Tuesdays, Thursdays and Saturdays are dedicated to Kristian’s tackle football team. As a defensive assistant and special teams coach I have a lot of influence with the 11,12, and 13 year olds that make up the team.
We are currently 1-6; and with only 1 regular season game left. Through all of this ‘adversity’ it has been difficult to keep the teams spirit high and I have learned many lessons that apply ‘off the field’ and in the business world.
1. Find some positive – while addressing the ‘learning opportunities’ it was also important to identify what worked and went right. This is not turn a blind eye to the bad, though when we spent too much time on the bad, it deflated the energy. It is that balance between confronting the bad and recognizing the good.
2. The (team) captain(s) seat should be earned not anointed – On our team, the team captains were often established if your parent was the coach…these seats should be earned by work ethic and respect not ‘seniority’ or who you know. The affect on the team for some one being a captain, yet not earning it, was a disaster. This is valuable particularly in a family business, like YOUTHpreneur.
3. Not all respond to the same management style – This past weekend I watched how different kids reacted to different forms of feedback. One of my personal challenges is that I am often too nice. For some I praised what they did right, and that seemed to work and raise their spirits…but for another that wasn’t working and every play he would be ‘hurt’. I then told him that he wasn’t hurt, to suck it up and get back in there and the response was awesome. He played the rest of the game, did great and had no ‘pains’ when it was all over.
4. Get you point across in simple sound bites – long wind about unimportant items was a disaster for our team, it literally blew out all fire. The team responded differently to simple objectives; team first, 100% individual effort and raptor pride….vs. why we chose to have practice on Tuesday and Thursday nights at 7 pm at this location and how our relationship with the groundskeeper is so valuable to us.

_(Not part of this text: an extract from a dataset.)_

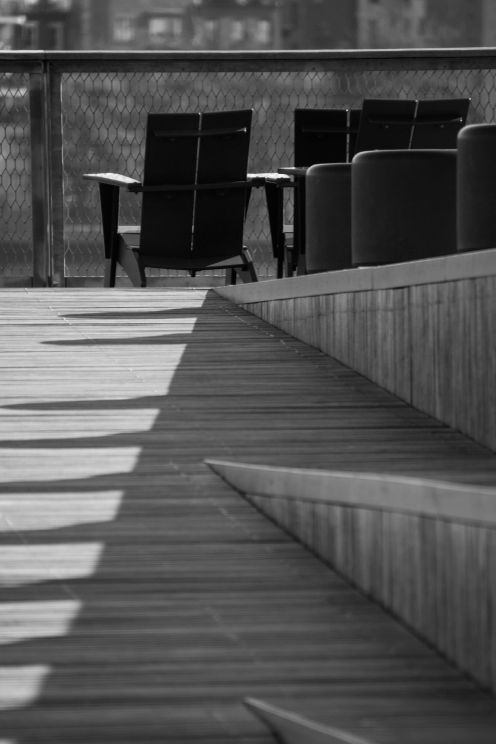 The lack of color in the picture originally is what prompted me to switch to B&W, but it still is a good example of how a lack of color can highlight lines and shape. The separation between light and shadow becomes sharp and distinct.

5. Setting people up for success -One of the challenges as a coaching staff was that we didn’t have a lot of technique to truly offer the team, specifically on the defensive side. This is not a knock on me or our DC, just that we were both good motivators, have good intentions, though neither of us truly had the technique to teach football instinct. As a leader, I know that I need to have people around me that can provide more than me, not less. Having a whole bunch of me’s, is not what is going to get things done.